身体にまつわる都市伝説 第106回

脳はマルチタスクを実行できない?

2014.07.15 TUE

身体にまつわる都市伝説


複数の人の言葉を同時に聞き分けたといわれる聖徳太子の例も(真偽はともかく)、「“注意”を適切にコントロールする鍛錬を積めば、可能かもしれません」と末神先生。つまり、頑張ったぶんだけキャパは広がる!? 写真提供/PIXTA
不思議なもので、仕事でもプライベートでも、多忙な時期ほど様々な用事が重なるもの。次々に新たな仕事が発生して、「よりによって、なぜ今…」と泣き言をいいたくなる経験は誰しもあるだろう。

こんなとき、パソコンみたいに「マルチタスク」対応で複数の作業をすいすい同時進行できればなあ、などと夢想してしまうのは筆者だけではないはず。でも、人間の脳はそもそもマルチタスクに対応しているのだろうか? オスロ大学・認知機能研究センターの末神翔先生に聞いてみた。

「少し難しい話になりますが、これについては“情報処理”と“課題遂行”、ふたつの視点に分けて考える必要があります。

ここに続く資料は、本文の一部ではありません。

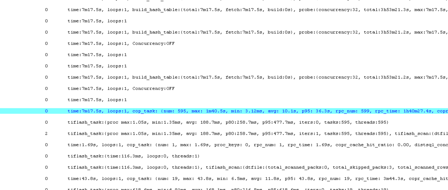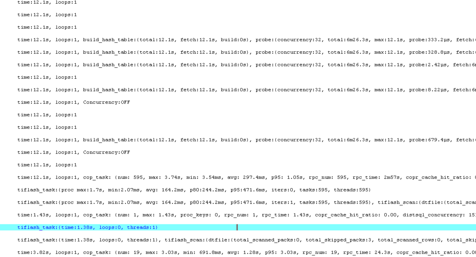 2.Tiflash也是MPP架构 所有MPP都天然有架构上的不足 当数据分布不均衡也就是有数据倾斜时 会导致单节点负载过高 外在表现就是集群变慢 实际上其它节点全部在等待数据倾斜节点作业完成再进行下一步 如果数据倾斜特别严重 还可能导致执行资源被长期占据 而其它作业因拿不到执行资源处理队列等待状态 此时的外在表现则是集群异常缓慢 而实际上是大部分作业处理等待状态根本未执行

まず情報処理については、脳は本人の意思にかかわらず、常に様々な情報を同時に処理していますから、マルチタスクといえるかもしれません」

脳が複数の情報処理を同時進行していることは、こんな実験で確かめられるという。

「たとえば、“青”という文字を赤ペンで書いて、その文字色を声に出して言ってみてください。“あか”と答えようとしても、関係ないはずの“青”という文字の意味が邪魔になる感覚が得られるはずです。これは脳が複数の情報を同時に処理しているから起こる現象で、脳科学では『ストループ干渉』と呼んでいます」

一方の課題遂行についてはどうか。TVを観ながらものを食べたり、パソコンの画面を読みながら電話で話したり、簡単な行動であれば、複数のことを同時にやることは誰しもあるはずだ。

「たとえばコーヒーを飲みながら友人と話しているときなどは、“飲む”と“聞く”という2つの行為が同時に行われているように見えるかもしれません。しかし、このとき脳は注意を向ける対象や配分をコントロールしながら臨機応変に働いているにすぎず、厳密には、コンピュータでいうところのシングルタスクでの処理しか行っていないといえます」

ビジネス書などで「マルチタスク型仕事術」などといわれるのは、あくまでたとえ話。一見、複数の行為を同時進行していても、脳のメカニズムを考えれば、厳密な意味でマルチタスクは不可能なのだ。

なお、こうした注意の量の調整能力は、訓練によって向上することが研究により明らかになっているとのこと。激務の時期を乗り越えれば、ちゃんと自分の処理能力はアップしているはずだ。